There is a big difference between saying a hair product helps reduce the appearance of dryness or breakage and saying it grows hair, regrows hair, stimulates follicles, or treats hair loss.

There is a big difference between saying a body butter moisturizes dry skin and saying it relieves pain or inflammation.

The words you use matter.

You can accidentally change the regulatory category of a product with your marketing claims.



Online Content Can Create Claims Too

Your physical label is not the only place claims happen.

Your website content, product descriptions, Etsy listings, social media captions, hashtags, product names, FAQ wording, before-and-after photos, and customer testimonials can all shape the intended use of the product.

Testimonials are a big one.

If a customer says your product “cleared my eczema,” “fixed my acne,” “grew my hair back,” “relieved my pain,” or “healed my rash,” and you choose to feature that testimonial in your marketing, you may be adopting that claim.

The same goes for hashtags. If you are using hashtags that suggest disease treatment, pain relief, hair regrowth, or other therapeutic results, those hashtags are still part of how the product is being marketed.

You do not get to make drug-style claims indirectly and then say, “I didn’t put it on the label.”

Marketing is marketing.



Ingredients Can Matter Too

Claims are a major part of the issue, but ingredients can matter too, especially when an ingredient has an established over-the-counter drug use or when the product is marketed in a way that supports a therapeutic purpose.
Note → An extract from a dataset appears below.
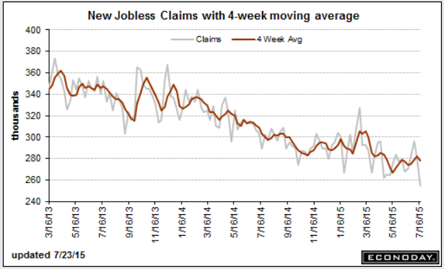 Auto retooling, and related temporary layoffs, is always a major wildcard for jobless claims in July and are likely at play in a startling 26,000 fall in initial claims in the July 18 week to a 42-year low of 255,000. A look at the 4-week average, which helps smooth out volatility, is less startling, down 4,000 to a 278,500 level that is little changed from the month-ago comparison.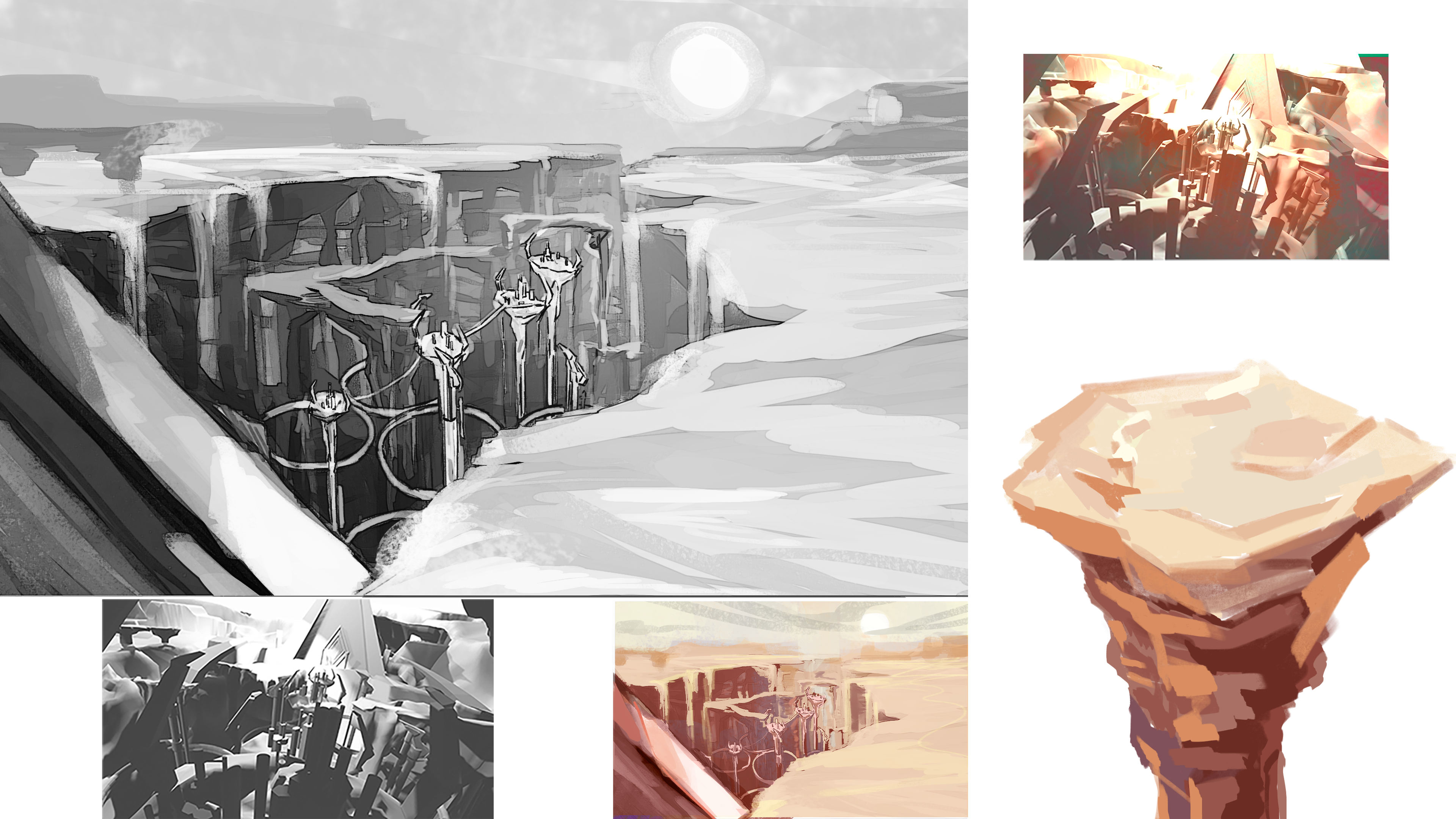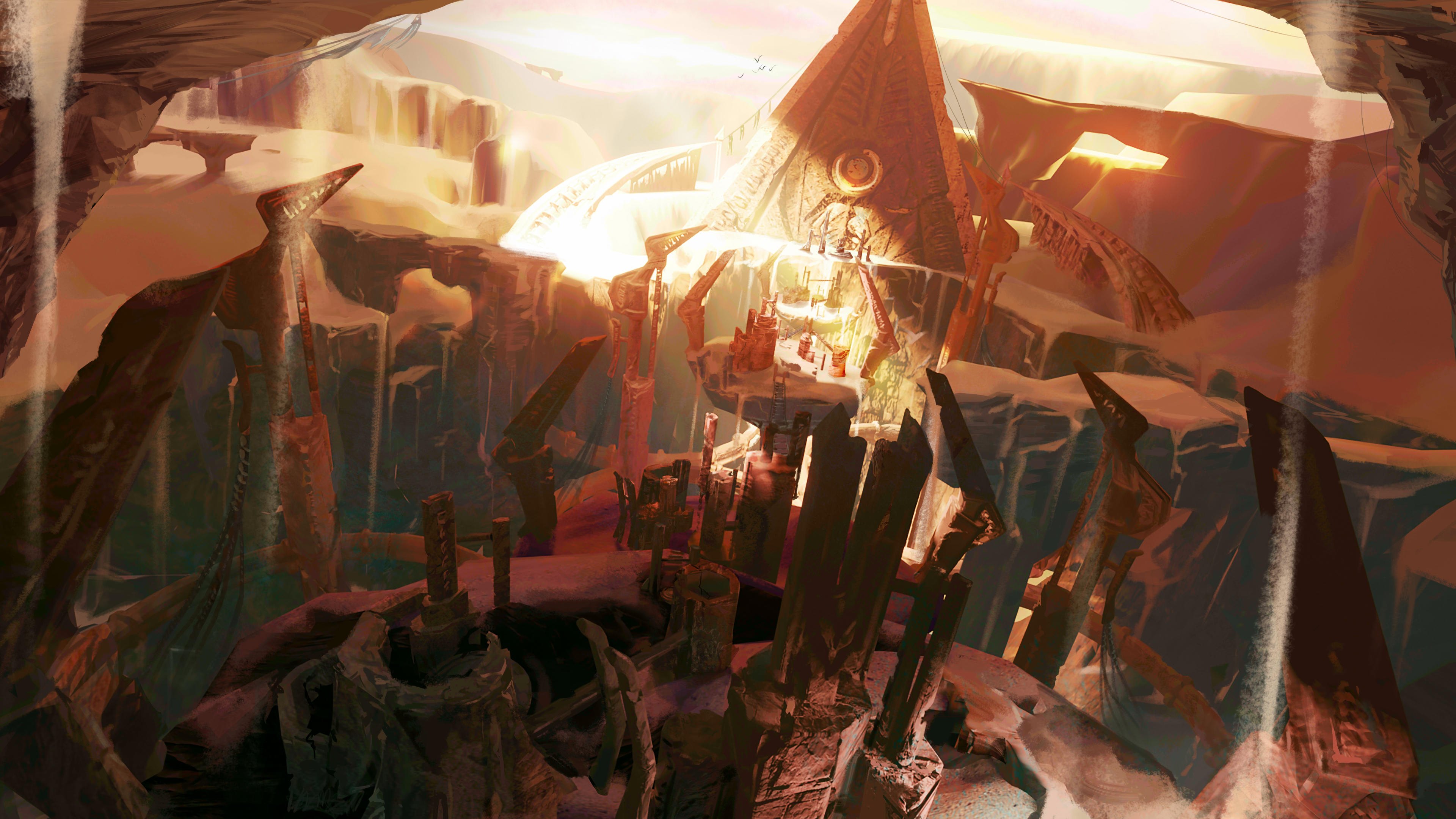 A ruin located between clifts in the sands. It used to be a huge city called Mary built by ancient people who believed fossils are god’s gifts. They used a kind of powerful runes to transfer water and energy from place to place.

Examples of product areas where sellers need to be especially careful include:

  • sunscreen products

  • acne products

  • antidandruff products

  • antiperspirants

  • skin protectants

  • antifungal products

  • external analgesic or counterirritant products

  • medicated lip products

  • products making hair regrowth or hair-loss claims

A product does not get a free pass because it is handmade, natural, botanical, small-batch, or sold by an independent maker.

If it is sold to the public, the seller needs to understand what category they are selling in.



Soap Is Not Always “Just Soap”

Since many handmade sellers also make soap, this needs to be said clearly.

Soap can fall under different rules depending on what it is made from and how it is marketed. A true soap has a different regulatory pathway than a cosmetic or drug product, but that does not mean every bar with the word “soap” on it is automatically treated the same way.

If a soap is marketed only as soap, meaning its main purpose is cleansing and it meets the definition of true soap, that is one thing.

But if the product is marketed to moisturize, deodorize, treat acne, soothe eczema, fight fungus, relieve itching, reduce inflammation, or provide other cosmetic or drug-type benefits, the category can change.

The word “soap” is not a magic shield.

What you claim matters.



Color Additives Matter

Colorants are another area handmade sellers should not ignore.

Cosmetic color additives must be approved for their intended use. Not every colorant sold to makers is automatically approved for every type of cosmetic product.

A colorant that may be suitable for soap is not automatically suitable for lips, eyes, bath bombs, leave-on skincare, or products used around mucous membranes.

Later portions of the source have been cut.